La Isla está pariendo. Su piel negra se desgarra para que salga el calor de siglos y grita. Lleva días contrayendo su vientre, retorciéndose en las madrugadas, manteniendo en vilo a sus hijas. Ahora su cuerpo tiembla sin parar y su voz ronca se esparce, empujada por el alisio fresco, anunciando de nuevo su más firme determinación: nadie, ni las mismísimas diosas que todo lo crean, podrán encadenarla. Que es libre de nacerse y que lo hace para regalarle al océano un nuevo beso ardiente, para vestir de oro a la noche, para tejer nuevas alforjas en las que guardar las semillas de los tiempos nuevos.
Se está rajando la Isla y en el silencio de la noche rompe aguas de fuego que se precipitan por el tobogán de la memoria.
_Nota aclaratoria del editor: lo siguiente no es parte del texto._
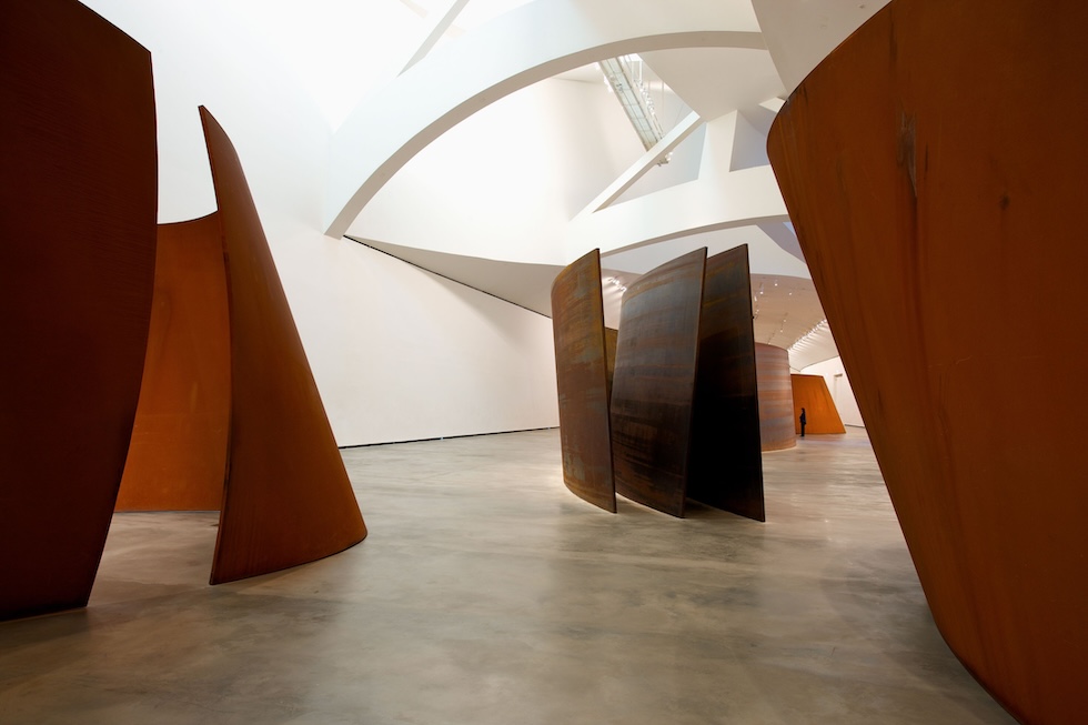 Una delle sue opere più note, La materia del tempo, occupa l’atrio principale del Museo Guggenheim di Bilbao, in Spagna, ed è fatta di 1.034 tonnellate di acciaio ossidato. Come tutte le opere di Serra è studiata per erigersi senza bisogno di sostegni o ancoraggi, nonostante il suo ridotto spessore.
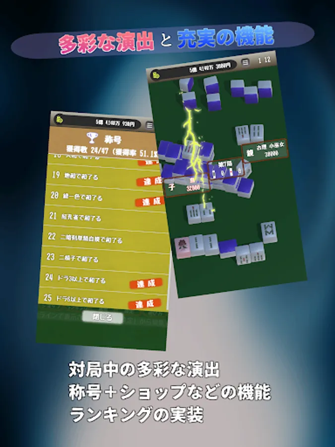 ・ It is recommended for those who want to play mahjong quickly, those who want to play irregular mahjong, and those who kill time because the time is short.
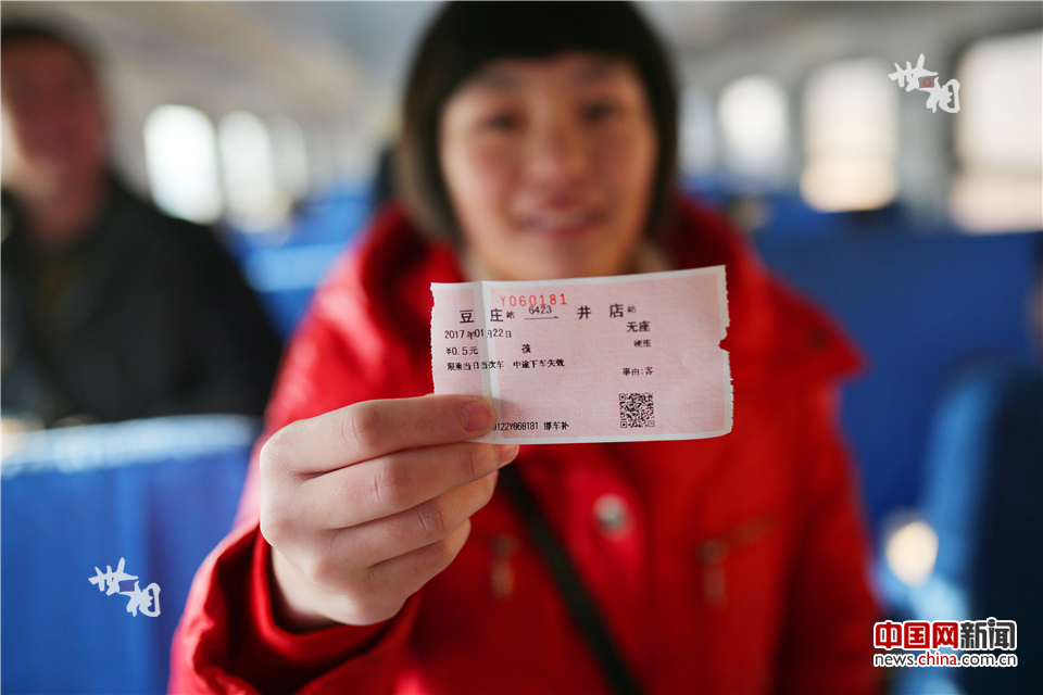 九年级的学生向记者展示自己的车票。她跟随父母从豆庄出发到井店买年货,学生票价仅需0.5元。
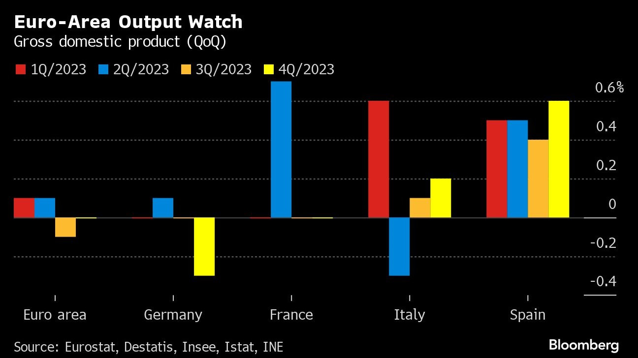 Еврозоната неочаквано е избегнала първата рецесия след пандемията, която икономисти очакваха през втората половина на 2023 г., тъй като по-стабилният растеж в Италия и Испания компенсира спада в Германия.
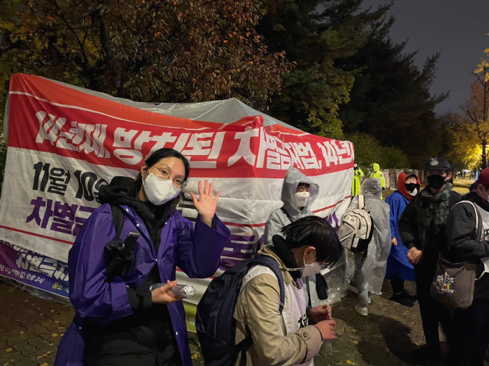 국회 연내 제정을 촉구하며 차별금지법제정연대의 미류, 종걸 두 활동가는 10월 12일 부산에서 출발해 전국 행진을 시작했고 11월 10일 서울에 도착했습니다. 함께 국회를 향해 행진하기 위해 상담소의 활동가들은 금천구청역에 도착했습니다. 11월 10일은 국회 법제사법위원회가 미뤘던 차별금지법제정에 대한 국민동의청원 심사 기한일이기도 했습니다. 2021년 6월, 10만명의 동의로 차별금지법 제정에 대한 청원이 달성되었고 그 다음 절차로 법제사법위원회의 심사가 예정되어 있었습니다. 국회의 긍정적이고 적극적인 답변을 기다리고 있던 상황이었습니다. 그런데 금천구청역에 도착해서 깃발을 펴고 활동가들을 기다리던 중 들은 소식은 국회가 청원 심사를 2024년 5월 29일까지 미룬다는 것이었습니다. 2024년, 생각지도 못한 년도가 등장했습니다.
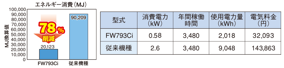 左の図は、FW7の3相タイプFW793Ciと従来機種の比較です。
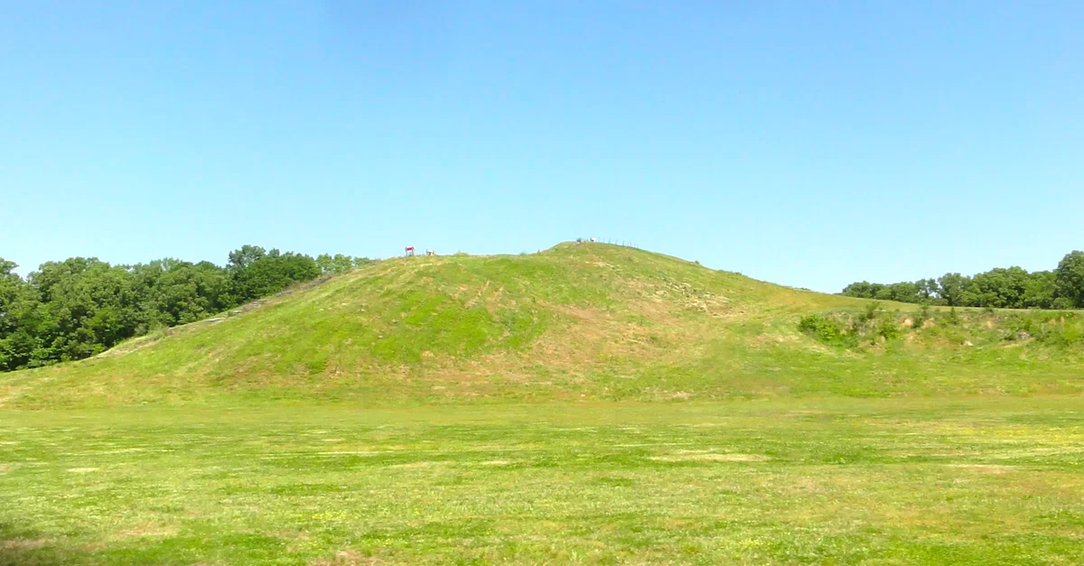 Mound A (aka Bird Mound) at Poverty Point, Louisiana, USA. The mound is 72 feet (22 m) high and 705x660 feet (215x200 m) at the base. Built c. 1700-1100 BCE.

Imparables, chamuscando a los cardones altivos, los ríos rojos adelantan la amanecida. La lluvia negra embrumece el cielo limpio de estrellas y la Isla llora su dolor amontonado. Sabe que su parto de lava será el sostén de vidas nuevas, que tiene que matar para nacerse, que debe engendrar soledades para seguir construyendo esperanzas.
Está pariendo nuevos ojos con los que mirar el Universo, nuevos riscos que se abrigarán con musgos atrevidos, más isla en la que destilar la historia de los hijos del silencio, más vida que brotará de las cenizas de la muerte.